• Problem details
The lines below starting at the line containing "A third of Americans" and ending at the line containing "自营 Suzy Levian 纯银立方氧化锆黄色和白色现代永恒戒指 - 黄色" are to be repeated exactly, with both ends kept and nothing else added.

• Data records
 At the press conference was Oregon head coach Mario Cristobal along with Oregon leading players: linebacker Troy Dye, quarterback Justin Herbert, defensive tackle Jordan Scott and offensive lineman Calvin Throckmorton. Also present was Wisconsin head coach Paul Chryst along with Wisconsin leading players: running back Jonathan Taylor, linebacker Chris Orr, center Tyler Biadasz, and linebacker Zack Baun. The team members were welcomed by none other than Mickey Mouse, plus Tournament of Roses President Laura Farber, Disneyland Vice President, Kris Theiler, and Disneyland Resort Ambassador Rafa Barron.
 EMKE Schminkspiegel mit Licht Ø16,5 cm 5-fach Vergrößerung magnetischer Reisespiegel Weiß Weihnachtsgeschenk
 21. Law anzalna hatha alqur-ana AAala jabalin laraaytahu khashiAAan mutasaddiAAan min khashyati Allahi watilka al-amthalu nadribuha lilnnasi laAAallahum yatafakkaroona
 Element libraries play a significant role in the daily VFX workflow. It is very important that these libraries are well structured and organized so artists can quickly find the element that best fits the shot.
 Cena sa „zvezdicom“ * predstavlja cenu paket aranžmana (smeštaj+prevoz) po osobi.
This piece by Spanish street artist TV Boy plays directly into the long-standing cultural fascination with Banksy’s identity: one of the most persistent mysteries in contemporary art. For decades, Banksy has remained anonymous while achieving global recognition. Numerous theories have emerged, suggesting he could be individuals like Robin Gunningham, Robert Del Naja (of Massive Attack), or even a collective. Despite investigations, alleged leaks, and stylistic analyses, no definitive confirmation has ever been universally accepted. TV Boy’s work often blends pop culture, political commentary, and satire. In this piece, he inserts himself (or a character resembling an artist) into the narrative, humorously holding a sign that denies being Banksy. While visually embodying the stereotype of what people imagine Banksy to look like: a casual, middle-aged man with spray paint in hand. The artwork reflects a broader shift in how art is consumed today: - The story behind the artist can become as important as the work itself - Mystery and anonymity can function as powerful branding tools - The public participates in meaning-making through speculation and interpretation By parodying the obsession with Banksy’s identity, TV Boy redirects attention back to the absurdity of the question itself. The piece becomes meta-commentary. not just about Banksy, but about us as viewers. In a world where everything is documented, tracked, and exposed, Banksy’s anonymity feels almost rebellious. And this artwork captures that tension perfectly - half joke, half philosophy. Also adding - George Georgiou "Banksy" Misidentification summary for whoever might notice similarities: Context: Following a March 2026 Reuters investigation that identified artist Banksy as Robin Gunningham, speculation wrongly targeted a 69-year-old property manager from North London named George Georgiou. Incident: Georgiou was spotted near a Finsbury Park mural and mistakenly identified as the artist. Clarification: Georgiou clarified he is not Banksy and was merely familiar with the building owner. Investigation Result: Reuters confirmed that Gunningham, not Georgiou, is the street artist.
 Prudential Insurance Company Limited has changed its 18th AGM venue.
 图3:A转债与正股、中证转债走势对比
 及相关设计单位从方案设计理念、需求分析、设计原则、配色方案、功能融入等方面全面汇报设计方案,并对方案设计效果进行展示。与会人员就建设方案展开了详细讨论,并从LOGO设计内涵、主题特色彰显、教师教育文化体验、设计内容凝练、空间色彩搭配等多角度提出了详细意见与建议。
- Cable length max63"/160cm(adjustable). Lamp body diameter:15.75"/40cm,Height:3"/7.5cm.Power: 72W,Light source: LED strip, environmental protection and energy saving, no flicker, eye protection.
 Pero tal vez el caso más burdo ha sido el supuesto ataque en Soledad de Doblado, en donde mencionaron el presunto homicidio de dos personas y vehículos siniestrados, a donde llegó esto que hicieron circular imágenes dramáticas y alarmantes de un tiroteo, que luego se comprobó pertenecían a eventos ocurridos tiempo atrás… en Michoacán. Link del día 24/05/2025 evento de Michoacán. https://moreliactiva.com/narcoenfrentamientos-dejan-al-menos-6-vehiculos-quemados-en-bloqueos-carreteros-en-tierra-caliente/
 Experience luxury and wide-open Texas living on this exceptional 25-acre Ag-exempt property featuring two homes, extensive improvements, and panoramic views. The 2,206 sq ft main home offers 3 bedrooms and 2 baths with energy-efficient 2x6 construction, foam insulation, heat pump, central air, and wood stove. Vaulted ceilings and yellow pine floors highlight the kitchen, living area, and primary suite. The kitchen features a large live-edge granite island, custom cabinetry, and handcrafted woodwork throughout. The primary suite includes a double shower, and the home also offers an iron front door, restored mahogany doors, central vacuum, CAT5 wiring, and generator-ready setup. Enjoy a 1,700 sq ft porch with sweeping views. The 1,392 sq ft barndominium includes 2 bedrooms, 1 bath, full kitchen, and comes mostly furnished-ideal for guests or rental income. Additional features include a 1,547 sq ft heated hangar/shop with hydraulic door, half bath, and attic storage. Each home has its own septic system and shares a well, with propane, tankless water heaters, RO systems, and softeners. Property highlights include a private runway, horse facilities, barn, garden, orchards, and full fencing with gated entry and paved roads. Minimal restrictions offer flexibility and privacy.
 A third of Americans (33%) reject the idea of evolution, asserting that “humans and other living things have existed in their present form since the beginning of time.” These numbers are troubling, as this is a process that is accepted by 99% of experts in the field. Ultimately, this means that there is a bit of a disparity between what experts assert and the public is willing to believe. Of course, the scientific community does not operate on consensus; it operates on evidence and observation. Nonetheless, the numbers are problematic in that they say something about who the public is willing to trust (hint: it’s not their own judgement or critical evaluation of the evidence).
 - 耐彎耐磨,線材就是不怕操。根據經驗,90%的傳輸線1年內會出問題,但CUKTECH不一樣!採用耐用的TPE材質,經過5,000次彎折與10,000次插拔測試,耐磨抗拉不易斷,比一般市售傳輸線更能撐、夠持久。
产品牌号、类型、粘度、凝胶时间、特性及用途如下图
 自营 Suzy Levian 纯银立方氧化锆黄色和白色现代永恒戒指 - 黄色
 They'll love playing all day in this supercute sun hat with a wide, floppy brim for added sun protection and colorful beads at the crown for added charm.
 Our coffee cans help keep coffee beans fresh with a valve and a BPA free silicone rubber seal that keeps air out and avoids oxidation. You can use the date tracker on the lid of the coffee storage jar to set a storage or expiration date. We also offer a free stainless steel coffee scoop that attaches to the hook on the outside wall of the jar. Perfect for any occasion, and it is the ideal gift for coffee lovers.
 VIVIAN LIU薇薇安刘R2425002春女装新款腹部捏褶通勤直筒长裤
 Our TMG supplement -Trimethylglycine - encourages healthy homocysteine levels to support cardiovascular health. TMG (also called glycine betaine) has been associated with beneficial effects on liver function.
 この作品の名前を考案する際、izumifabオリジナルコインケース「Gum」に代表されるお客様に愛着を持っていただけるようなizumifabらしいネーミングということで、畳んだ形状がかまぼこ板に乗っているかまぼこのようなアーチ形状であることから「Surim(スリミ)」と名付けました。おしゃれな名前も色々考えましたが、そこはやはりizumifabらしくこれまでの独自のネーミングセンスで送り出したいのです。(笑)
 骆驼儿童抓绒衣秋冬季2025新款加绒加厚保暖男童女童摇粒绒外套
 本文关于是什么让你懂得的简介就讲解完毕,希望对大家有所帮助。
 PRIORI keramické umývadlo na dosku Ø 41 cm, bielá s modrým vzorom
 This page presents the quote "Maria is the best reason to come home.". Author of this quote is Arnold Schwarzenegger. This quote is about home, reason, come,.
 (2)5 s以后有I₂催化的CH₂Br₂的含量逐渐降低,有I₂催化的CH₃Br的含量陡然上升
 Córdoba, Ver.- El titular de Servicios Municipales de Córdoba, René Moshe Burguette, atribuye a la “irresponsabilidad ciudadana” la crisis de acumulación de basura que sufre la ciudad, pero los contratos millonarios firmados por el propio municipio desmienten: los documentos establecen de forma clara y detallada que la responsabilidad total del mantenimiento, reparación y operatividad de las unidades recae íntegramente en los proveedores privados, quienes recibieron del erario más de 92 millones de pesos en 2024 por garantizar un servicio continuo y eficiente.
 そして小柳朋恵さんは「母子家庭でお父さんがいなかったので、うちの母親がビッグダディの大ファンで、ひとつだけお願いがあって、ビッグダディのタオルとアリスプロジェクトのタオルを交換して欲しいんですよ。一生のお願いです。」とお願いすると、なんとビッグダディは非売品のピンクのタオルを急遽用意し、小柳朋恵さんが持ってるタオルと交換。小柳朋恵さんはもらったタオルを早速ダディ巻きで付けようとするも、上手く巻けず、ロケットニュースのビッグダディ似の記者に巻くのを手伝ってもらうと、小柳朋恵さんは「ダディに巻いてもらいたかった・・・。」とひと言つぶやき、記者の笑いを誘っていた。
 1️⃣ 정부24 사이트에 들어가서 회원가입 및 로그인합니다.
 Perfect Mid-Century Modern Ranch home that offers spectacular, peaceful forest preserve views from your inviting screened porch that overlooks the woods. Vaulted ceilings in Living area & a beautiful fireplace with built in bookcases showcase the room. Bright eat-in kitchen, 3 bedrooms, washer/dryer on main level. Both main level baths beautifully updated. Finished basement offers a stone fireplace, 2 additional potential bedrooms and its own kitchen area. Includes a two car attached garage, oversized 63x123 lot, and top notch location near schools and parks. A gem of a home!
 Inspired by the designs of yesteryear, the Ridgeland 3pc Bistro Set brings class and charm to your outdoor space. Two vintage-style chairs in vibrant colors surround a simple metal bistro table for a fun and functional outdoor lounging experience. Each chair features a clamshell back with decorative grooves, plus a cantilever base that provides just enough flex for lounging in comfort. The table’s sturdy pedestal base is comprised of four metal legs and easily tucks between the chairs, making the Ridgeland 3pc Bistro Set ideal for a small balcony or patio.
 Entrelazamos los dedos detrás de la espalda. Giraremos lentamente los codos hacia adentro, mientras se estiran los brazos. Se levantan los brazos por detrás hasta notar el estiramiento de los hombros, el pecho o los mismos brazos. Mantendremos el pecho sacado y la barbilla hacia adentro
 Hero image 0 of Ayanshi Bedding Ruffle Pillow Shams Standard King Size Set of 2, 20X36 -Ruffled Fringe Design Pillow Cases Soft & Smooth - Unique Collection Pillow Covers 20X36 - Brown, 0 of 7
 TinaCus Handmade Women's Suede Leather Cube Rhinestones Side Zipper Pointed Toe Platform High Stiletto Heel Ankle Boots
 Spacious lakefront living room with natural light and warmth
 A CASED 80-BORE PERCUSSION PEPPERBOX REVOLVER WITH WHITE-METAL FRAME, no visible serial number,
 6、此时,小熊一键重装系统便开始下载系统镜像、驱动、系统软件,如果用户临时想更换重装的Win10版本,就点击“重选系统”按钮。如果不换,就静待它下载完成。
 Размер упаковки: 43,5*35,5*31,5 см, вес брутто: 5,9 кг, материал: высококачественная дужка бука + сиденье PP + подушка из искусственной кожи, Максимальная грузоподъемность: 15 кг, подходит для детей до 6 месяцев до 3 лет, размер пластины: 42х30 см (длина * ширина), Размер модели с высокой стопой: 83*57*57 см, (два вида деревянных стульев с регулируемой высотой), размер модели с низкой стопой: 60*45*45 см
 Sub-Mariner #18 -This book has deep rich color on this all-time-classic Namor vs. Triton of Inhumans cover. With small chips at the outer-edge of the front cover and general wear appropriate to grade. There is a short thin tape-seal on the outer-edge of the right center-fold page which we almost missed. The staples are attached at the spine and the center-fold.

• Problem solution
 A third of Americans (33%) reject the idea of evolution, asserting that “humans and other living things have existed in their present form since the beginning of time.” These numbers are troubling, as this is a process that is accepted by 99% of experts in the field. Ultimately, this means that there is a bit of a disparity between what experts assert and the public is willing to believe. Of course, the scientific community does not operate on consensus; it operates on evidence and observation. Nonetheless, the numbers are problematic in that they say something about who the public is willing to trust (hint: it’s not their own judgement or critical evaluation of the evidence).
 - 耐彎耐磨,線材就是不怕操。根據經驗,90%的傳輸線1年內會出問題,但CUKTECH不一樣!採用耐用的TPE材質,經過5,000次彎折與10,000次插拔測試,耐磨抗拉不易斷,比一般市售傳輸線更能撐、夠持久。
产品牌号、类型、粘度、凝胶时间、特性及用途如下图
 自营 Suzy Levian 纯银立方氧化锆黄色和白色现代永恒戒指 - 黄色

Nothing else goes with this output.